Material shown START

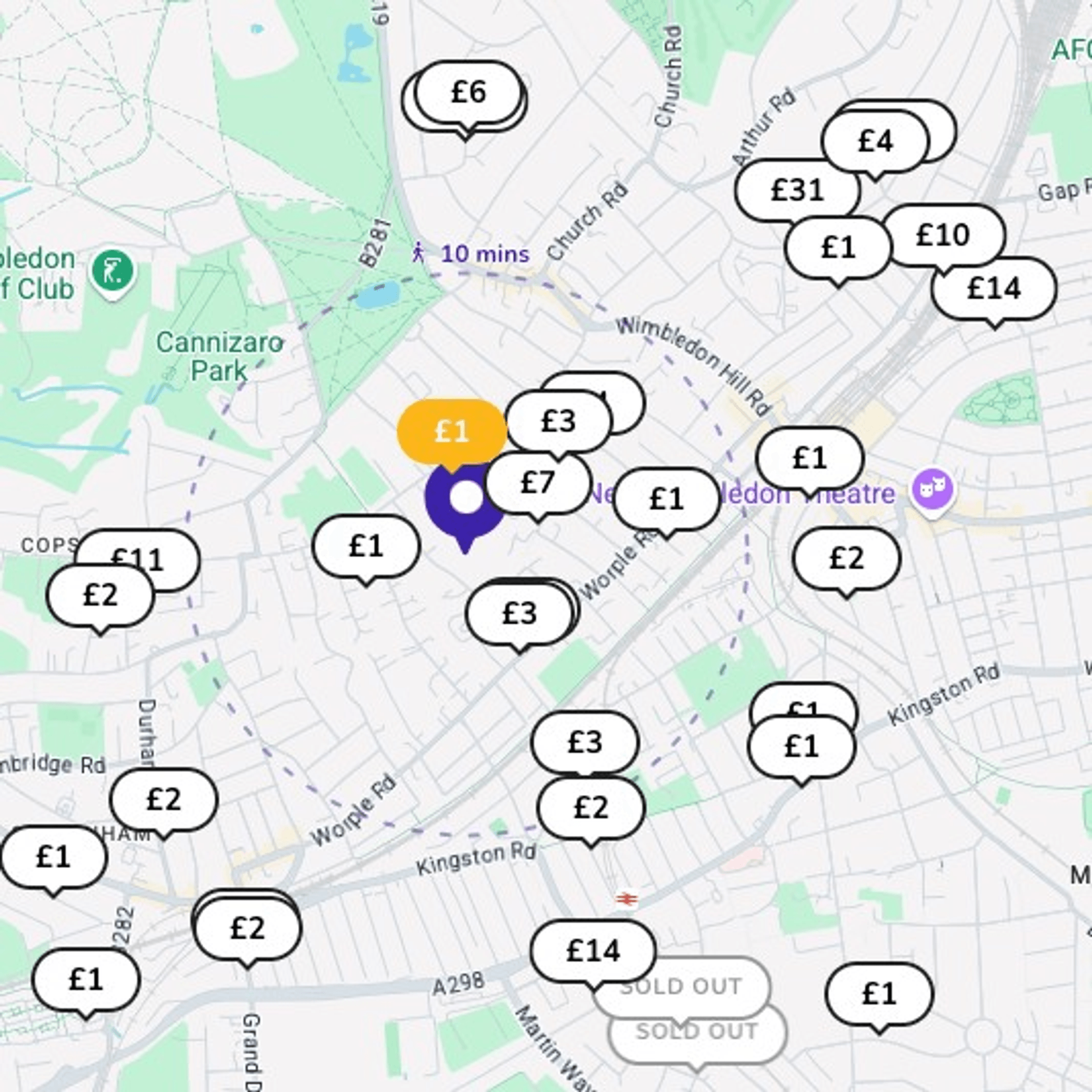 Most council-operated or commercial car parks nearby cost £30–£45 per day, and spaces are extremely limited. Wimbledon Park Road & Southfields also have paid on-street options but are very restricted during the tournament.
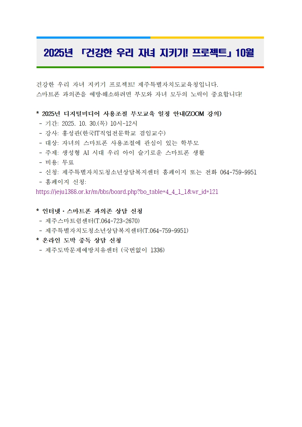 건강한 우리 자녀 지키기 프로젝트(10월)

Material shown END
Material shown START

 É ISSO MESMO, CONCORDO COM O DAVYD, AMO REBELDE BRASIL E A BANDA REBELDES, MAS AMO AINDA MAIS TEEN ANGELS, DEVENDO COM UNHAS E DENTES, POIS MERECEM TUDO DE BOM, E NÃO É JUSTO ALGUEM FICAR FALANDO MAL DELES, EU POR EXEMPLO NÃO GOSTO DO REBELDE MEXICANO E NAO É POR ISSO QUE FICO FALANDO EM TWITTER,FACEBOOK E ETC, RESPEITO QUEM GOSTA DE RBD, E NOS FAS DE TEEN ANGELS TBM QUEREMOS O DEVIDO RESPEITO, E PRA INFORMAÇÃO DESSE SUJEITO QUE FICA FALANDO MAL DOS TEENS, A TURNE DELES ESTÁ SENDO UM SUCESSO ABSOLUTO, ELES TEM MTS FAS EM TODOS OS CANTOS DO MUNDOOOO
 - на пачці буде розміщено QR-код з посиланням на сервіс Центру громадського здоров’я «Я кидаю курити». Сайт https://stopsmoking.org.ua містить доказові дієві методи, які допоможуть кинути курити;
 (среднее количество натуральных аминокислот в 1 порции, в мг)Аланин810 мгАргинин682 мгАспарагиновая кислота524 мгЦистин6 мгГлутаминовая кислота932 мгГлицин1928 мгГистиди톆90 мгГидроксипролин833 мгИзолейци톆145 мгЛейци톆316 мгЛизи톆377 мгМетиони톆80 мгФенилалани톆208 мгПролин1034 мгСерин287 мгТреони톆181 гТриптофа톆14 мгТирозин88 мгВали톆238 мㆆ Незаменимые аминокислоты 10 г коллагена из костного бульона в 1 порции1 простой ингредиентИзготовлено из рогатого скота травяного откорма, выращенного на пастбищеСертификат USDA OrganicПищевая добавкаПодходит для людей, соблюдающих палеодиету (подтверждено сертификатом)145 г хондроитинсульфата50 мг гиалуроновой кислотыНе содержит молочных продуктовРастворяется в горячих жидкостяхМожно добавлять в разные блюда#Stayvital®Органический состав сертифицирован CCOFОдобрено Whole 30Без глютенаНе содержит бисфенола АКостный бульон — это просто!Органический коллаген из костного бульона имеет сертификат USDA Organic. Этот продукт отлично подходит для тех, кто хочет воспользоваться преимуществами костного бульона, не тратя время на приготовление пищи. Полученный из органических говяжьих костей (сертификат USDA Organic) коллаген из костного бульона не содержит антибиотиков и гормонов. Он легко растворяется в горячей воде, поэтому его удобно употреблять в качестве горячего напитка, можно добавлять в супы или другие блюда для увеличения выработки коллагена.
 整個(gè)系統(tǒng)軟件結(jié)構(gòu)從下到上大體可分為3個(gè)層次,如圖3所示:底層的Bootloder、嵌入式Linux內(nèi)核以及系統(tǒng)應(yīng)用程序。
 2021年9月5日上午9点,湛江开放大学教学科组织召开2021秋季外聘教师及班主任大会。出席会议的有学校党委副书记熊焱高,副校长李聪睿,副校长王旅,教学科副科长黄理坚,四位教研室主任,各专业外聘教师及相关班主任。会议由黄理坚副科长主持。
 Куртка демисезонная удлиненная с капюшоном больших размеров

Material shown END
Material shown START

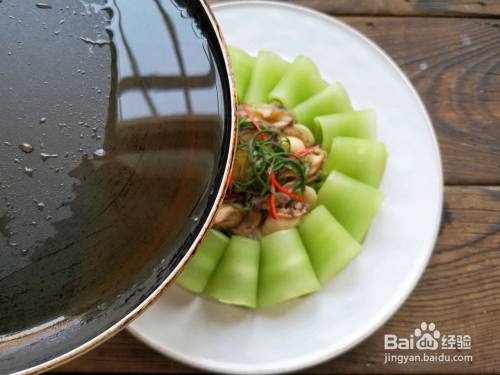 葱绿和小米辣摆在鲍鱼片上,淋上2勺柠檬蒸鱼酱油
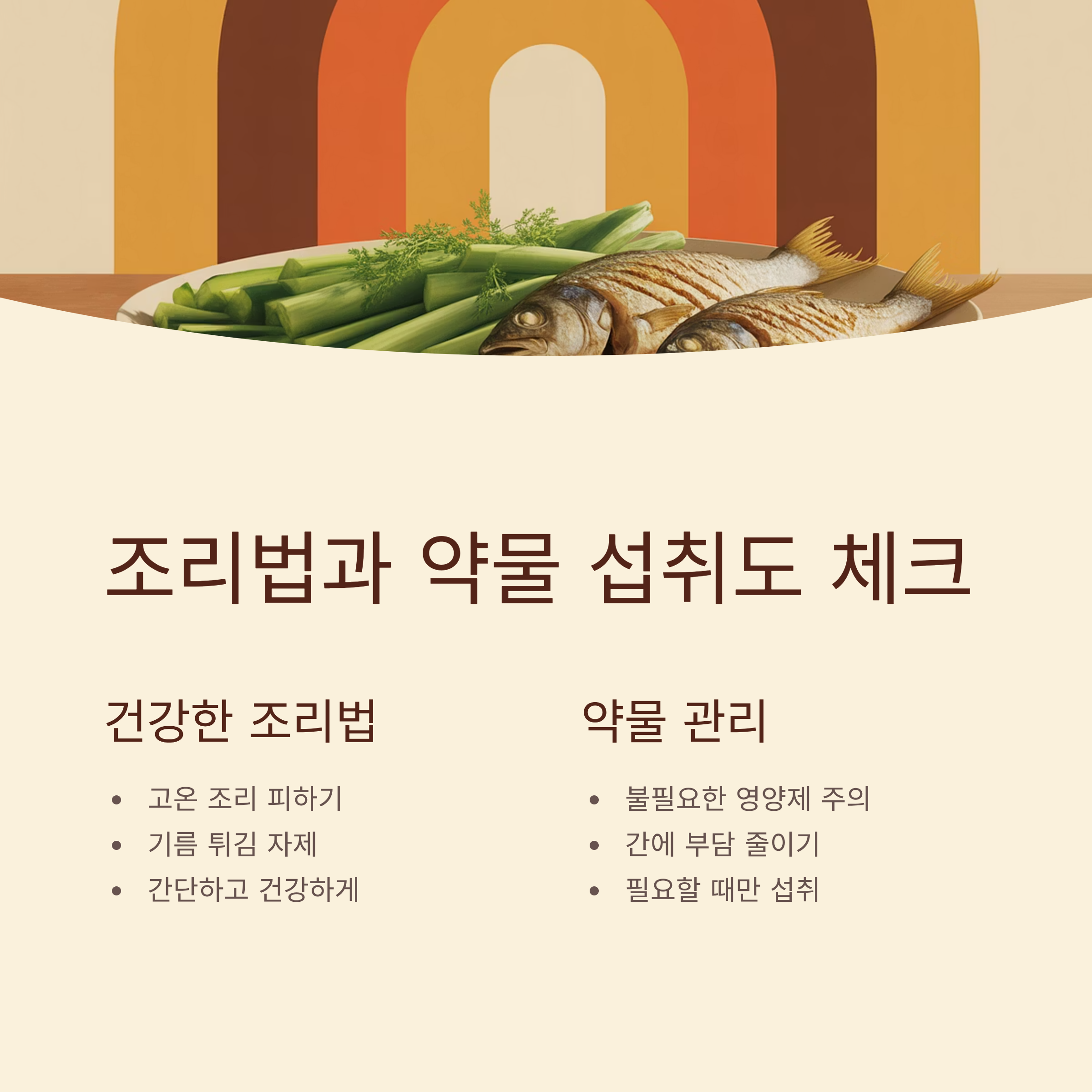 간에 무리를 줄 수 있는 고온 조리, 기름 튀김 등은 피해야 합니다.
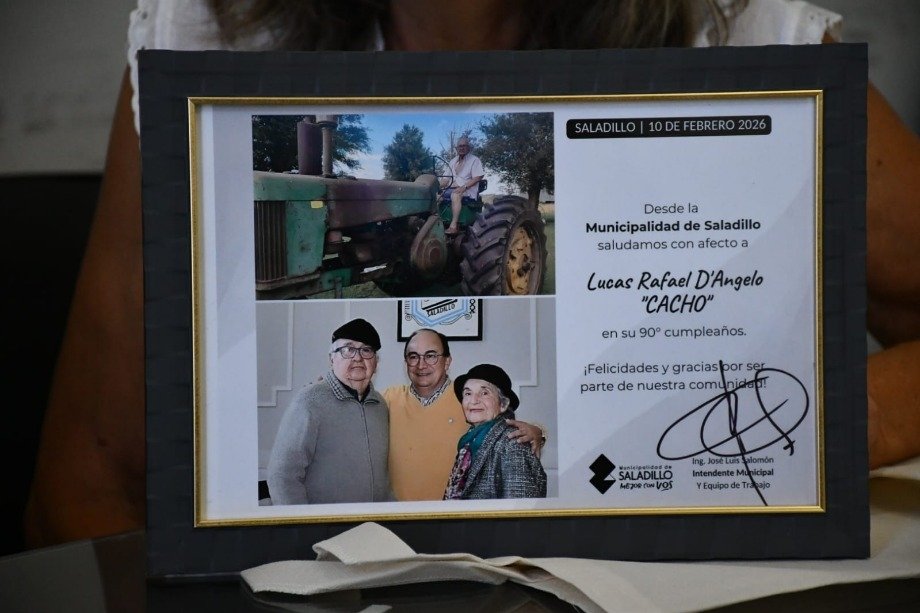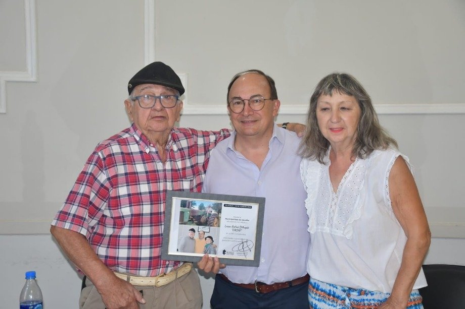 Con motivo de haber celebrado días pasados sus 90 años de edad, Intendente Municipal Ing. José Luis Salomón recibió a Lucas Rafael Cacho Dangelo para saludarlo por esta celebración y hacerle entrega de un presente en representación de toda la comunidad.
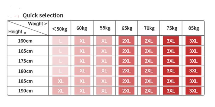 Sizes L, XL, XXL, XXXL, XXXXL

Material shown END

§ **What to produce**
Beginning with the line holding "2021年9月5日上午9点,湛江开放大学" and ending with the line holding "Куртка демисезонная удлиненная", write out the stretch of material above exactly; add no further lines.

§ **Solution to this task**
 2021年9月5日上午9点,湛江开放大学教学科组织召开2021秋季外聘教师及班主任大会。出席会议的有学校党委副书记熊焱高,副校长李聪睿,副校长王旅,教学科副科长黄理坚,四位教研室主任,各专业外聘教师及相关班主任。会议由黄理坚副科长主持。
 Куртка демисезонная удлиненная с капюшоном больших размеров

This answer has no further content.